=== Exercise data ===
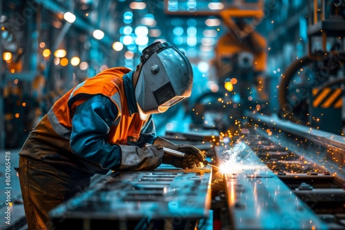 A dedicated worker in protective gear, welding steel beams with bright sparks flying
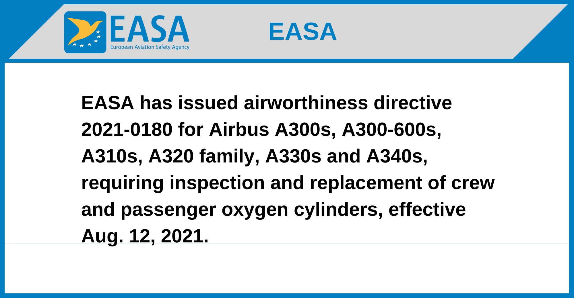 EASA has issued airworthiness directive 2021-0180 for Airbus A300s, A300-600s, A310s, A320 family, A330s and A340s, requiring inspection and replacement of crew and passenger oxygen cylinders, effective Aug. 12, 2021.
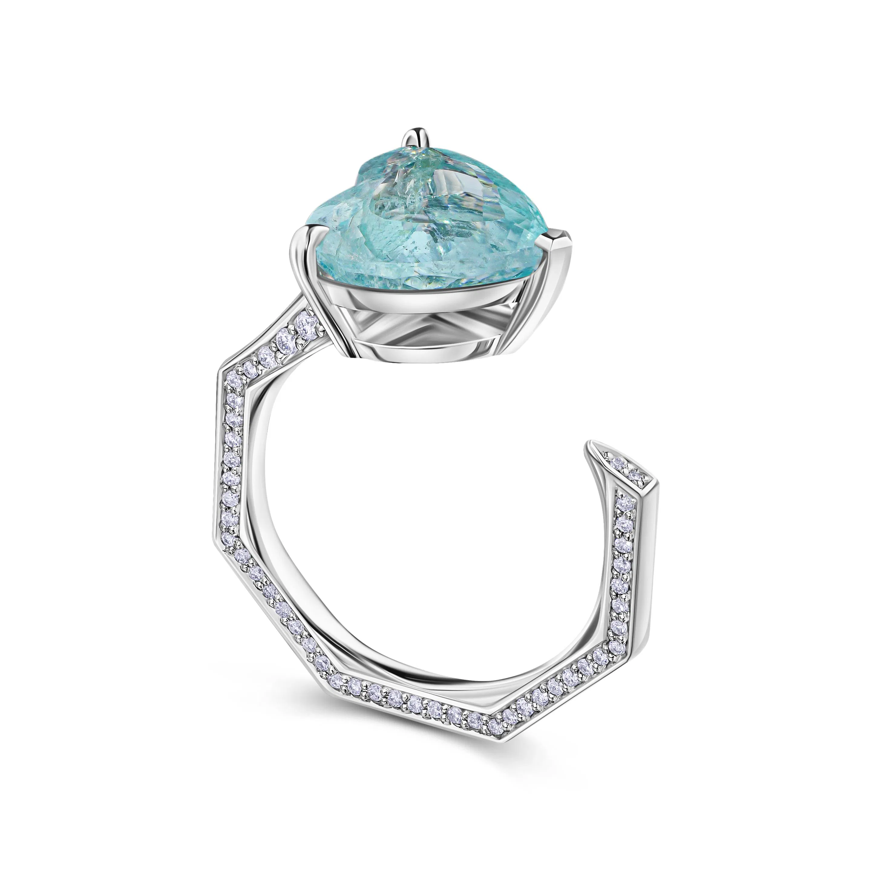 Кольцо с турмалином Параиба 3.51 карат привлекает внимание необычным оттенком центрального камня — ярким голубовато-зеленым турмалином, который отличается редкостью и насыщенностью цвета. Камень огранен в форме сердца, что придает украшению мягкость и выразительность. Белое золото служит надежной и лаконичной основой, подчеркивая чистоту и глубину оттенка турмалина. Дополнительным акцентом служат мелкие бриллианты, аккуратно инкрустированные в шейку кольца, создавая тонкий блеск и гармоничное завершение образа. Такое сочетание материалов и форм делает изделие универсальным для различных случаев, сохраняя при этом индивидуальность и стиль.
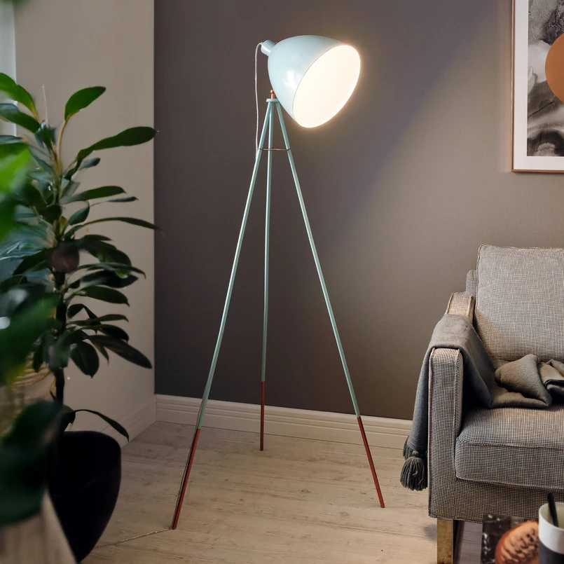 Mintgrüne Stehleuchte Dundee mit Dreibein-Gestell
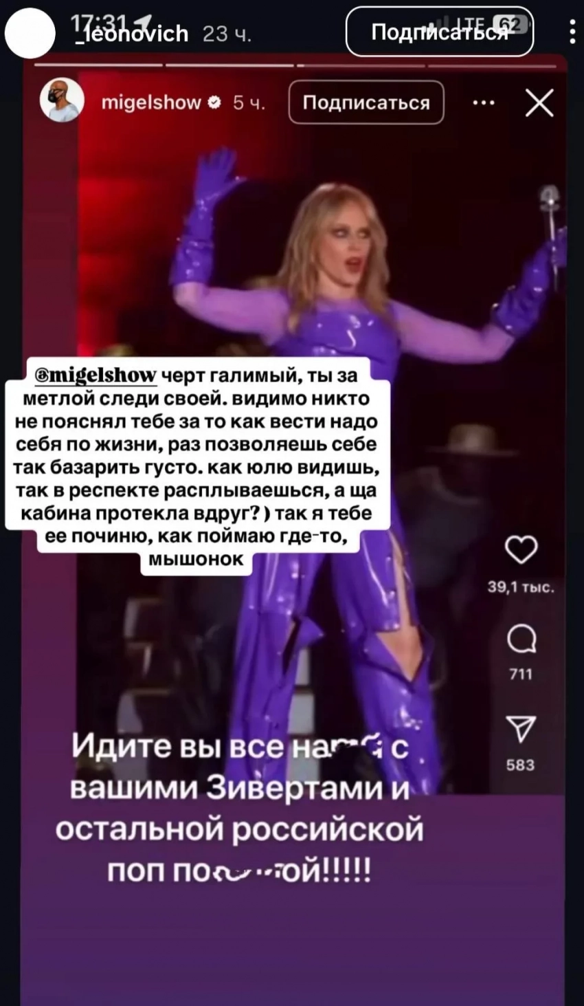Недавно Мигель опубликовал в своём инстаграме* фрагмент выступления 57-летней Кайли Миноуг и сравнил её профессиональный уровень с российскими звёздами, не в пользу последних. "Идите вы все ***** (к чёрту. — Прим. ред.) с вашими Зивертами и остальной российской поп ******** (ерундой. — Прим. ред.)", — написал Мигель.
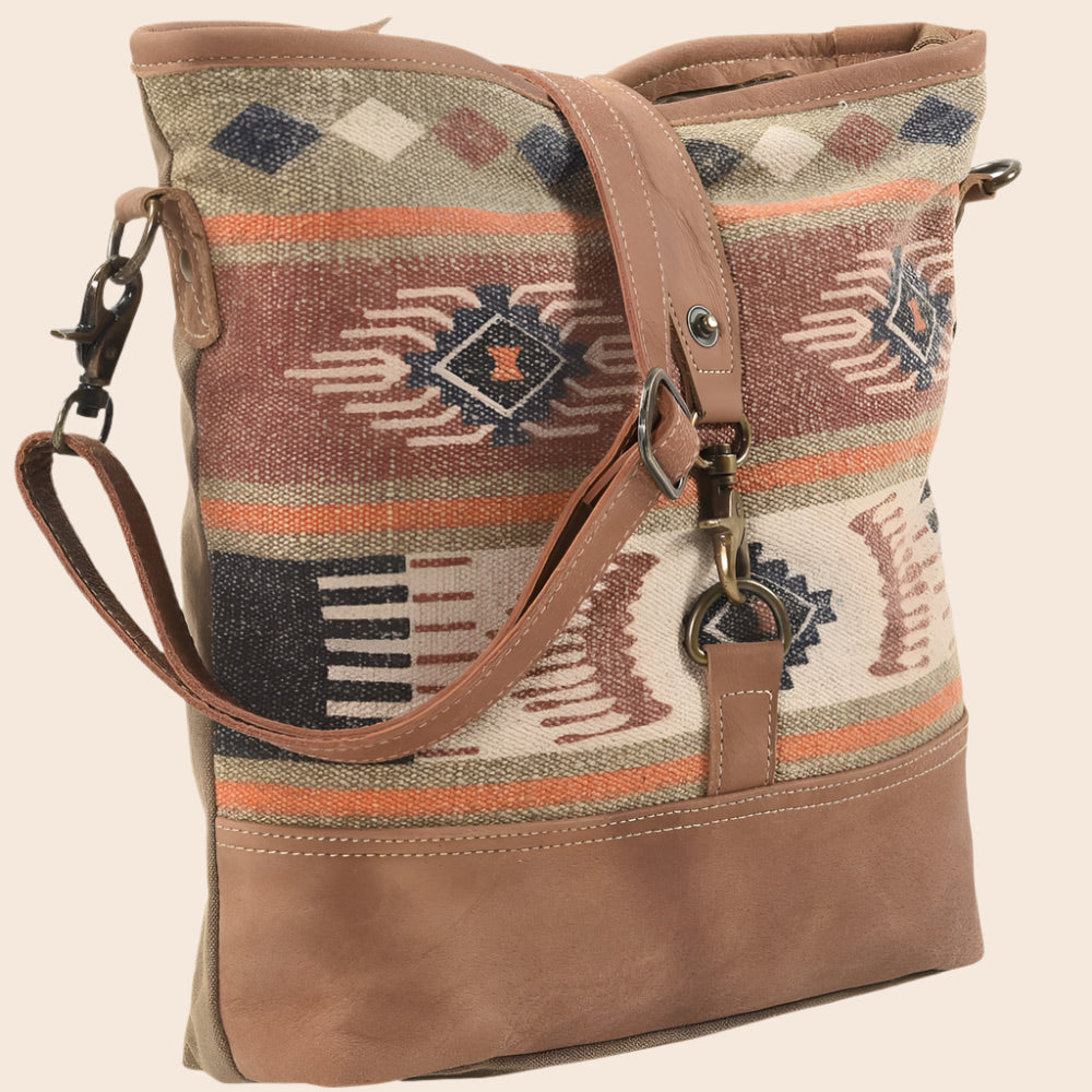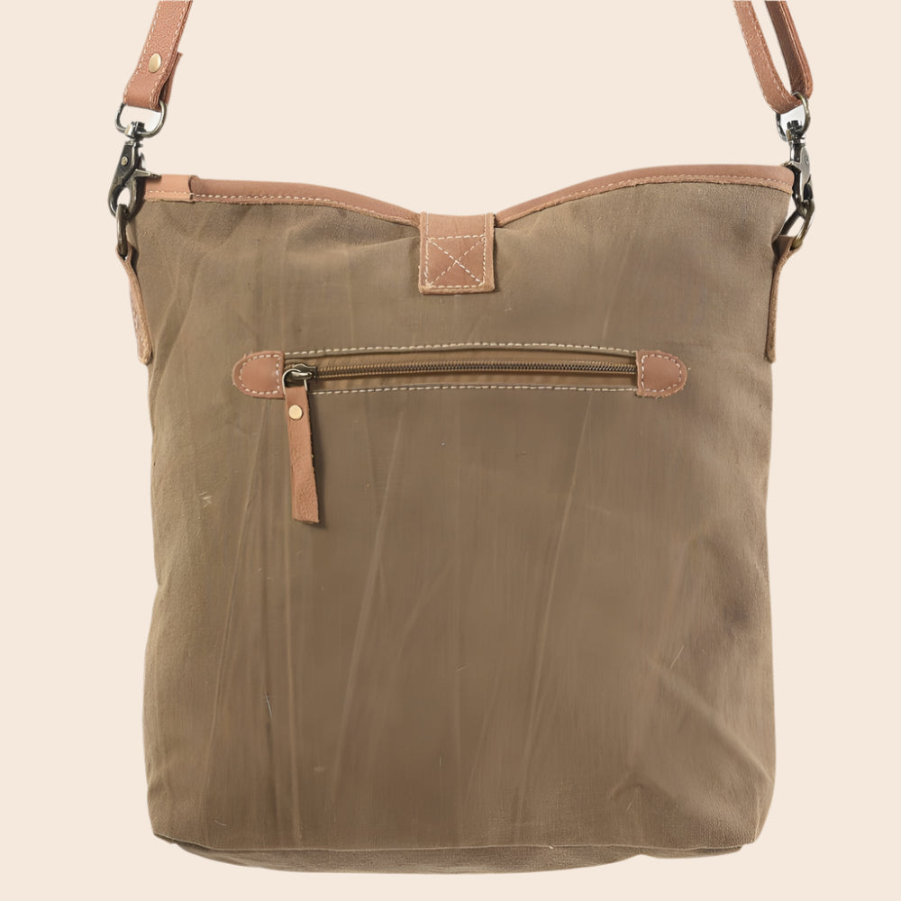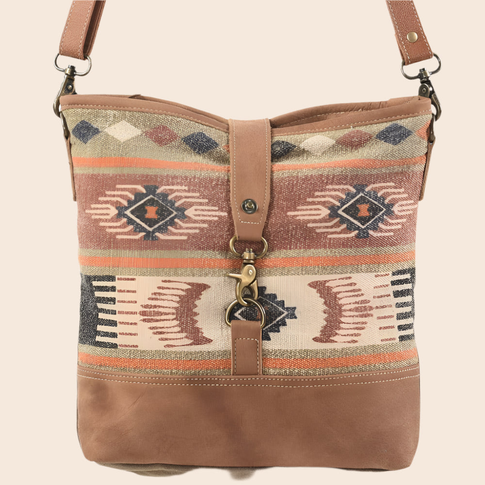The Brown Crossbody With Mixed Fabrics combines style and practicality in a spacious 14" x 13" design, perfect for carrying your essentials. Crafted with care, this bag reflects a blend of American innovation and global artisan craftsmanship, featuring materials sourced from places like Nepal, Indonesia, and India. Its unique mixed fabric construction offers versatility and supports fair trade, making it a meaningful addition to your everyday accessories.
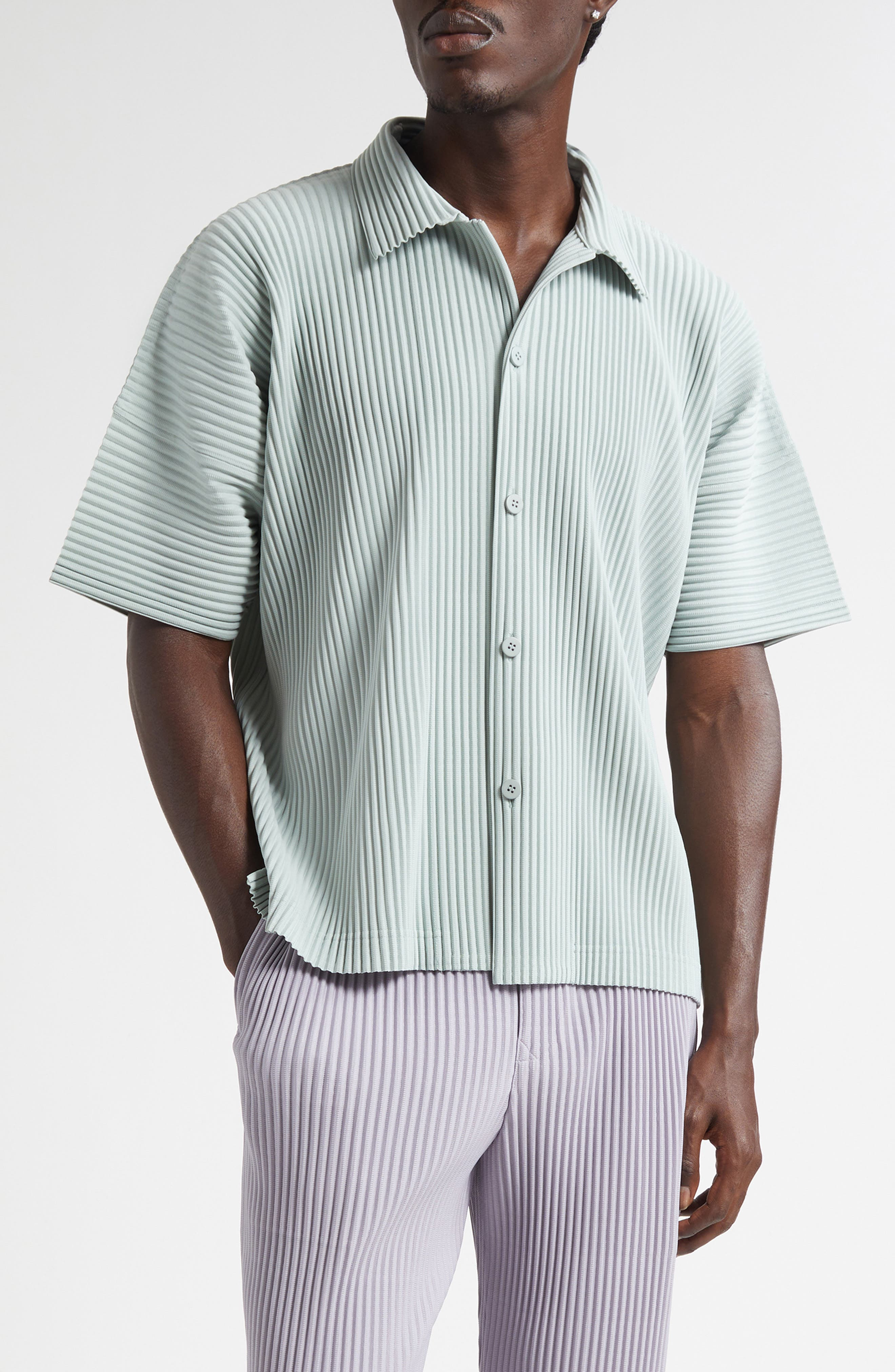 Homme Plissé Issey Miyake Monthly Colors July Pleated Short Sleeve Button-Up Shirt in Sericite Blue
===
#### Work item:
Starting with the line that has "The Brown Crossbody" and ending with the last line of the records, retype every line exactly and only those lines. Do not include the pictures.

#### Output for this task:
The Brown Crossbody With Mixed Fabrics combines style and practicality in a spacious 14" x 13" design, perfect for carrying your essentials. Crafted with care, this bag reflects a blend of American innovation and global artisan craftsmanship, featuring materials sourced from places like Nepal, Indonesia, and India. Its unique mixed fabric construction offers versatility and supports fair trade, making it a meaningful addition to your everyday accessories.
 Homme Plissé Issey Miyake Monthly Colors July Pleated Short Sleeve Button-Up Shirt in Sericite Blue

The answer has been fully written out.